Springing out of “Secret Invasion” as part of the “Dark Reign” story, “Secret Warriors” has been one of the best series Marvel’s published. A brief epic at only 28 issues (plus two event tie-in one-shots), Jonathan Hickman wrote a broad story revolving around Nick Fury and all of the ‘secret warriors’ at play, whether former S.H.I.E.L.D. agents, members of his caterpillar groups, Hydra, or Leviathan. For the past two-and-a-half years, a secret war has been going on in the Marvel universe and, now, at its end, Nick Fury stands triumphant.
Originally intended to end at issue 27, this issue is more of a wrap-up of some of the characters than a strict end to the larger plot of the series. Issue 27 was the climactic finale and this is the happy ending sequence. There’s some satisfaction in this sort of end – and some disappointment. In attempting this sort of ending, Hickman is basically setting himself up to fail to an extent, because this approach to ending a story almost never completely satisfies. The way he draws together various threads and makes callbacks to earlier moments is nice, and his setting up the characters for a future in the Marvel Universe is an encouraging move, though one that already brings to mind cringe-inducing uses of these characters, or their complete disappearance.

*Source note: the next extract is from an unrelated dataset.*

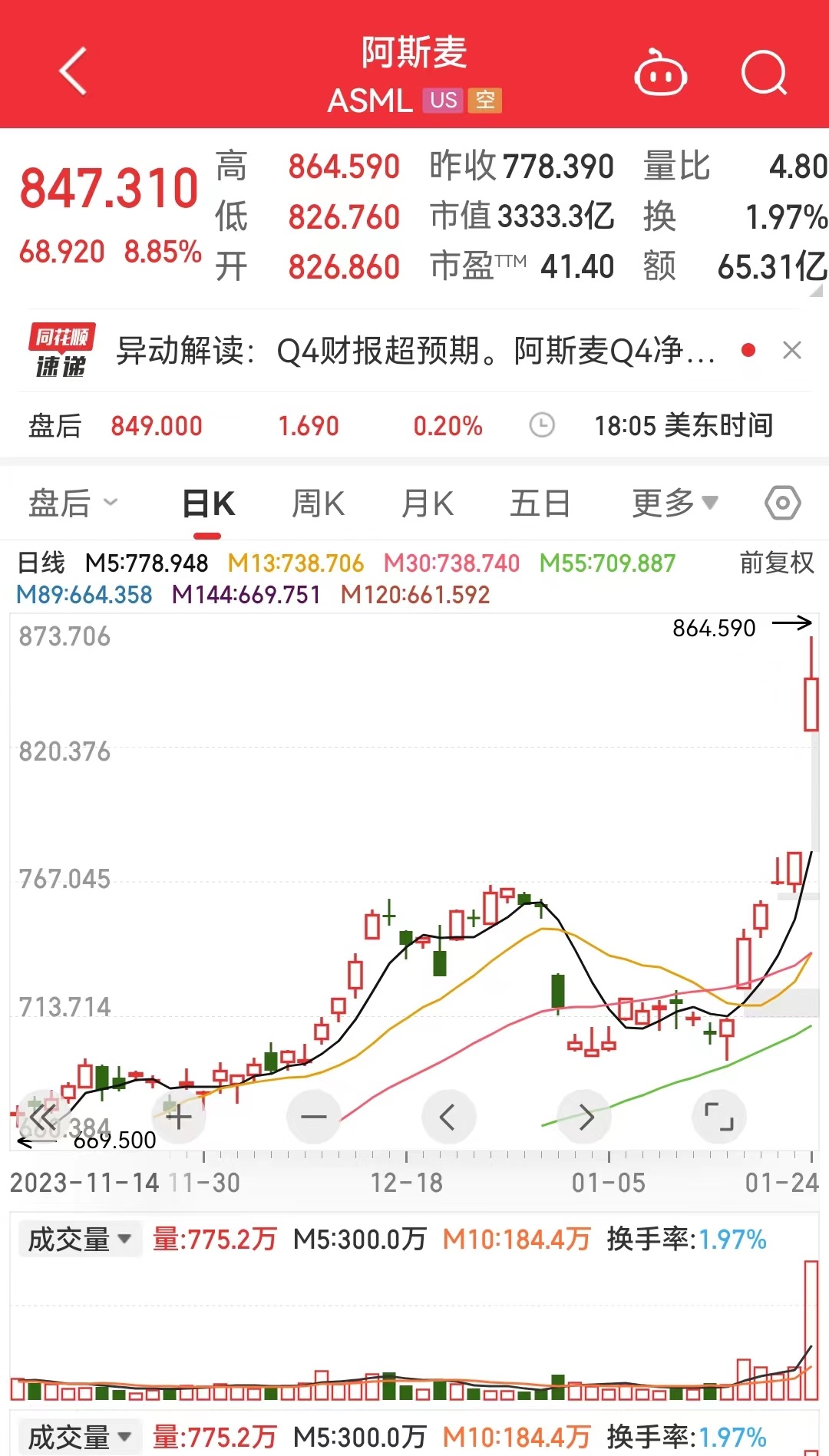 智通财经APP获悉,1月24日,光刻机巨头阿斯麦(ASML.US)发布了2023年第四季度及全年财报。得益于对中国芯片制造设备的强劲销售表现,该公司营收和净利润均超预期。2023 年是半导体下行周期,台积电等晶圆厂减少了资本开支,阿斯麦却实现了逆势增长。24日盘中,阿斯麦股价一度大涨11%,逼近2021年9月底的历史高点。
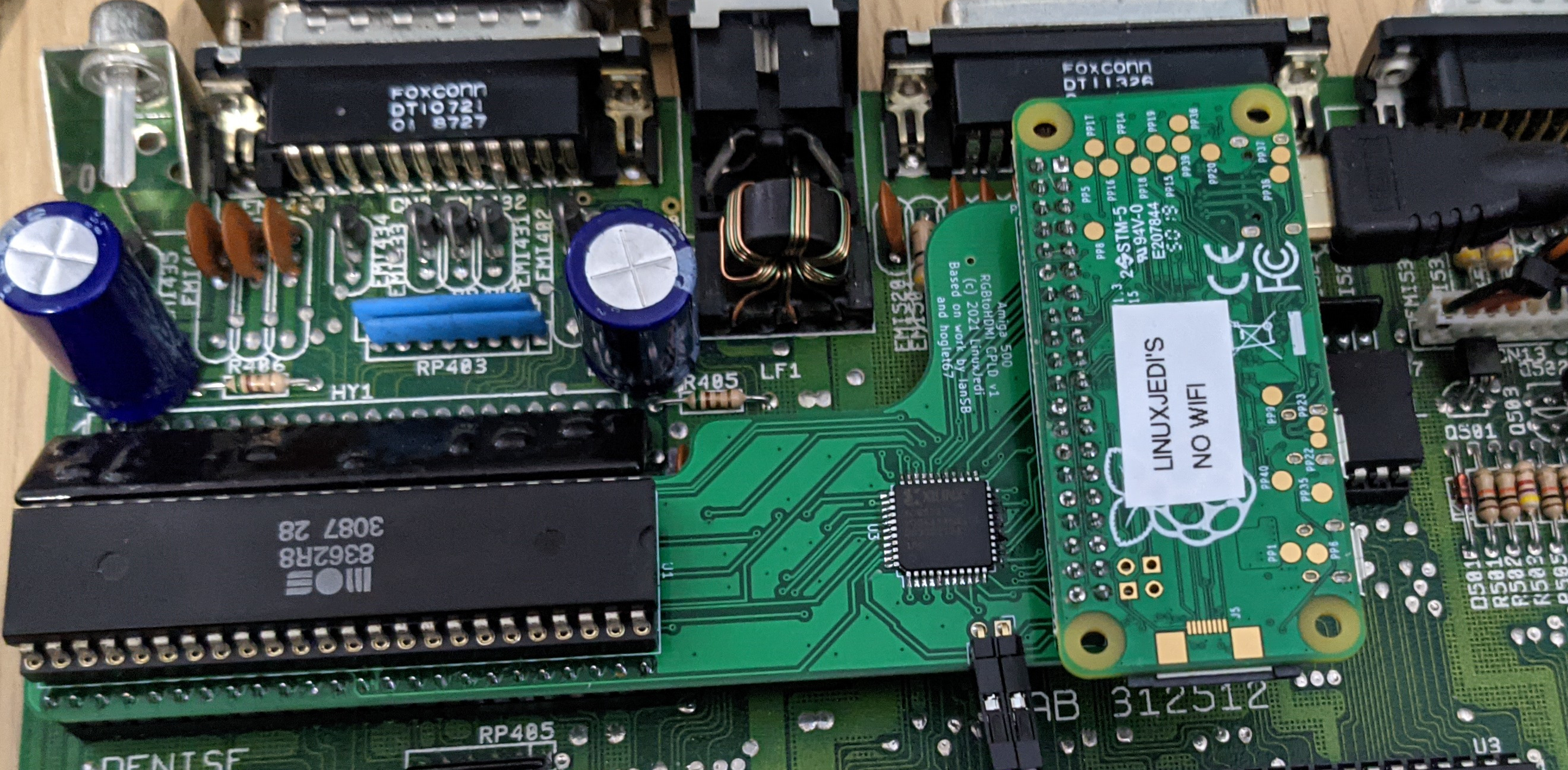 I agreed with IanSB’s assessment, but I figured with the Amiga a simpler physical implementation was possible. Instead of an adaptor board for Denise and a separate CPLD board for the Pi, I decided to combine everything into a single solution. I also made the design relocate the Pi to the side so that there was a much better clearance for accelerators.

The final scene is the book’s best, calling back to the prelude sequence for the series where Nick Fury stands over Steve Rogers’s grave and makes plans. Here, he’s joined by Rogers in the cemetery and Hickman delivers a great moment between Fury and Rogers regarding Fury’s role and the respect he commands. In many ways, this issue acts as more a finale to Fury’s story than to the series as a whole. Most of the other characters don’t get the attention or sense of closure that he does.
These final issues have been made all the better by Alessandro Vitti handling the art chores backed by Imaginary Friends Studios. Together with Stefano Caselli, Vitti defined the look of the comic, especially once Sunny Gho and IFS came aboard to handle the colors. It wouldn’t feel right for the book to end without Vitti or Caselli on art and there’s an appropriateness to Vitti doing visual callbacks to scenes Caselli originally drawn; a symmetry that speaks to the book’s entire run.
“Secret Warriors” only lasted for two-and-a-half years and, in that time, it became a steady assurance of quality every month. It was a book that demanded patience and thought, active readers who were willing to follow Hickman where he wanted to go, and not expect immediate explanations. It was a slow burn that ultimately paid off. It will be missed.